Nada han hecho —señala Walter— los gobiernos españoles por acatar este compromiso. Es «desafortunado que un país y un gobierno presuman de moralistas en sus declaraciones y sin embargo no estén obligados a cumplirlas. Pero así es la ley», concluía. La familia Cassirer, sin embargo, no se conformó y recurrió ante el Tribunal de Apelaciones del Noveno Circuito de California, que en agosto de 2020 falló otra vez a favor del museo.

Pocos días después el Thyssen colgó junto al Pissarro una nota a la que se accedía mediante un código QR. Un texto que en tono de crónica bélica celebraba su victoria en los tribunales. No hay allí ni una mención expresa al Holocausto. El acto por el cual los nazis saquearon el cuadro se define como como venta, cual si fuera una decisión libre. Señala también que en 1958 recibió una indemnización sin explicar que no por ello renunció a sus derechos. Asimismo, trata a los Cassirer como seres ajenos a esta historia, cuando Claude, nieto de Lilly, vivió en la casa donde el Pissarro estaba colgado.

La nota constituye una suma de olvidos deliberados y medias verdades. Es un documento improcedente, redactado en un tono impropio de un museo con rango nacional, que frivoliza con el legado de un objeto que remite a un momento terrible de la historia europea y se aleja de las «soluciones justas y equitativas» que comprometen a los gobiernos españoles.

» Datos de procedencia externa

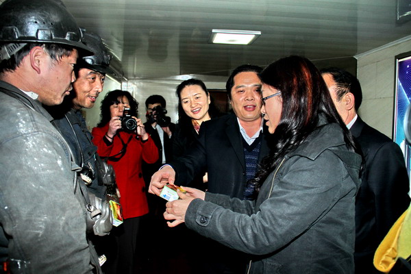 下午3時許,黨柏峰、梁秀俠一行到礦后,欣聞該礦四點班職工將要更衣入井、八點班的職工即將升井,正是“礦嫂服務(wù)隊”開展活動、展現(xiàn)風(fēng)采的時機。他們帶著十分好奇與興奮的心情,沒顧得上考慮休息,就立即趕到井口,投入對“礦嫂服務(wù)隊”進(jìn)行現(xiàn)場采訪與親歷她們的活動之中。他們經(jīng)過井口文化長廊,來到礦嫂服務(wù)活動現(xiàn)場,當(dāng)看到一個個身披“礦嫂安全親情服務(wù)隊”標(biāo)志,著裝整齊規(guī)范、滿面笑容,正在為上下井職工熱情服務(wù)的礦嫂們,黨柏峰、梁秀俠一行激動地與她們一一握手,向她們問好。在活動間隙,黨柏峰、梁秀俠一行不失時機與礦嫂們和上下井職工親切交談,了解有關(guān)情況。

No obstante, la euforia del museo apenas ha durado un año. Los Cassirer apelaron al Tribunal Supremo de los Estados Unidos, que en septiembre de 2021 admitió a trámite su recurso reabriendo el litigio. El Thyssen ha reaccionado publicando en la prensa una nota donde reitera los argumentos esgrimidos en 2020 y obvia de nuevo cualquier vínculo entre el Pissarro y el exterminio de las comunidades judías europeas bajo el Tercer Reich.

El Tribunal Supremo decidirá si procede resolver el asunto conforme a la legislación o norteamericana o de otro país, en este caso España. Hace unos días ha recibido un informe de Nicholas O’Donnell, abogado experto en el expolio nazi, quien sostiene la primera opción amparándose en la Foreign Sovereign Immunities Act, que regula las demandas contra un estado extranjero. La Federación de Comunidades Judías de España también ha presentado un escrito de apoyo a la familia Cassirer.

La decisión sobre el Pissarro está en el aire. No obstante, pase lo que pase, el cuadro es un fragmento del Holocausto, un testigo de la barbarie cuya historia debe ser contada. Los cuadros expoliados por los nazis constituyen en sí mismos un lugar de memoria y allá donde acabe éste es preciso recordar su proveniencia, sus vínculos con el Holocausto, cómo y en qué contexto fue usurpado.

Mientras permanezca en España, el gobierno español debería velar por ello. No en vano, el ministro de Cultura preside el Patronato del Thyssen-Bornemisza, museo nacional como el Prado. Conviene recordar, con el juez Walter, que los gobiernos españoles suscribieron acuerdos internacionales que promueven las «soluciones justas» a los conflictos sobre arte expoliado. Explicar de un modo veraz la historia del cuadro forma parte de esas soluciones justas. El ministro de Cultura debería hacer algo al respecto.